Jean—she of the stable raid—with a haughty look at the gipsy, who had stood in a corner by the fire all this time, came with the bowl of soup, but Belle slid forward noiselessly.
"Is it soup, Jean?" says she, and the wench stopped. "Skim the fat off it, then, for I saw a hussy like you gi'e her mistress soup like that—and she died." My aunt sat up in her bed, her face very stern when Betty talked of Dan shaming himself and his name.
"I will know this," she cried. "I am not ill any more—who is the woman?"
Jean would have spoken at this, but the gipsy whispered: "Begone, or I'll turn your hair white as the driven snaw," and the wench fled with her soup, and spilled most of it in the stone-flagged corridor leading to the kitchen, where she sat and trembled and grat her fill, every now and again catching her yellow locks to make sure no change had started yet.
So here we have Betty whispering—
"Don't vex yoursel', my Leddy; it's juist the lassie's clavers, for Jean cam' in frae the stable, where she had nae right to be, except to be seein' her lad—they ha'e lads on the brain the lassies noo—and greetin' that young Dan had shamed her before the men, and a' because o' a tinker body like Belle here, although the great folk will treat her so kindly; no' that I mean her any harm," she added (erring on the safe side, for Belle's eyes had begun to glow finely); "and then in came Kate and Leezie wi' a tale o' a wean, tied in a tartan shawl, lying in a biss in the wee byre. Then and there they faithered and mithered the bairn, the useless hussies. . . ." The mother's haughty eyes turned to the gipsy.

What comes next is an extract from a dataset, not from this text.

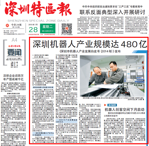 《深圳特区报》:深圳机器人产业规模达480亿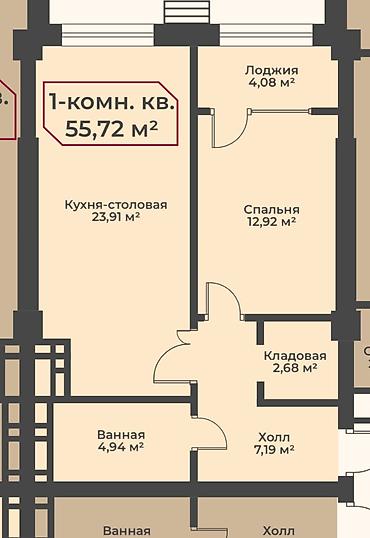 Функциональные зоны по плану: кухня‑столовая 23,91 м², спальня 12,92 м², холл 7,19 м², кладовая 2,68 м², ванная 4,94 м², лоджия 4,08 м²

"I never found you lying, Belle. Is this story true?—a bonny family is this to be among," she cried, her hand pressing the child closer, and maybe she pressed him too tightly, for the boy doubled his baby fist, his wee voice whimpered, and his outflung arm struck his mother in the face.
"Oh, oh," she cried; "will you turn on me too, and leave me for farmer's wenches and tinker women like the lave of your folk?"
The gipsy lass was on her knees at the bedside.
"Lady," she cries, and her face was finely aglow, "nae wonder ye grieved aboot the colour o' the bairn's hair. Are ye a' Dan mad?" Then when she saw the anger in the mother's eyes she cries—
"Ye'll maybe be in a mood to listen to the truth now."
"I'm in a fine mood to have ye whipped from my doors, ye shameless . . ."
"Ay, shameless, madam, if I love I'll be that, but if I have a man I'll share him wi' nane, and you'll not be yourself to be believing these false tales; and you, Betty, I had thought ye had seen sorrow enough without brimming your cup over. It's true I left a wean sleeping in the sweet hay; was there harm in that? She's lain wi' me in the stable lofts and outlying barns these many nights, but the wean is nane o' mine. It's an ill bird that fouls its ain nest, Betty, and when a' the auld wives are shakin' their mutches at the end o' peat stacks and sayin', 'This'll be another o' his; ye might have asked yourself how? The poor wee mitherless mite; her feet will be on the neck o' her enemies, and, mistress, maybe I can tell ye why. I hinna leed tae ye yet, and ye can whip me from your doors if ye will, but hard, hard will it fa' on them that raise the scourge."
Such a look passed between these two, so full of meaning, that my aunt told Betty to leave her.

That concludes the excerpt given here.